Majority Leader of the Arkansas House of Representatives
- In office January 2005 – January 2007
- Preceded by: Harmon Seawel
- Succeeded by: Steve Harrelson

Member of the Arkansas House of Representatives from the 40th district
- In office January 2003 – January 2007
- Preceded by: Shawn Womack
- Succeeded by: Barry Hyde

Personal details
- Born: October 8, 1969 (age 56) Little Rock, Arkansas, U.S.
- Party: Democratic
- Spouse: Dawn
- Children: 3
- Education: University of Arkansas (BA, JD)

= Jay Martin (lawyer) =

American attorney and politician (born 1969)
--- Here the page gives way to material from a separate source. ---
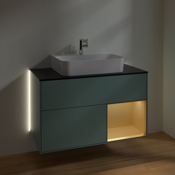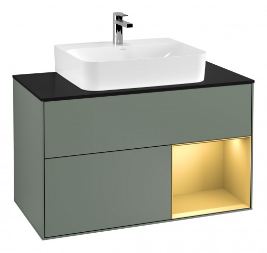 Тумба під раковину Villeroy & Boch Finion 100х50,1 см з підсвічуванням МДФ оливковий матовий лак/скло чорне матове G122HFGM

Jay C. Martin (born October 8, 1969) is an American attorney and politician who served as a member of the Arkansas House of Representatives for the 40th district from 2003 to 2007. In 2005, Martin served as majority leader of the House.

== Early life and education ==
Martin was born in Little Rock, Arkansas in 1969. Martin had a mentally ill father and was raised in North Little Rock. In 1992, he earned a Bachelor of Arts degree from the University of Arkansas at Little Rock. Four years later, Martin earned Juris Doctor from the University of Arkansas School of Law.

== Career ==
Since 1997, Martin has worked as an attorney at James R. Wallace and Associates. He was elected to the Arkansas House of Representatives in November 2002 and assumed office in January 2003. He left office in 2007. Martin serves as the president of Wallace, Martin Duke & Russell.

=== 2022 Arkansas gubernatorial election ===
On February 8, 2022, Martin announced that he would run for governor of Arkansas in the 2022 Arkansas gubernatorial election. Martin campaigned as a pro-life Democrat. He lost a primary to Chris Jones. In 2024, he sought the position of Chief Justice in the nonpartisan judicial primary, but was eliminated in the first primary.

== Personal life ==
Martin and his wife, Dawn, have three children. He is an ordained minister of the Assemblies of God.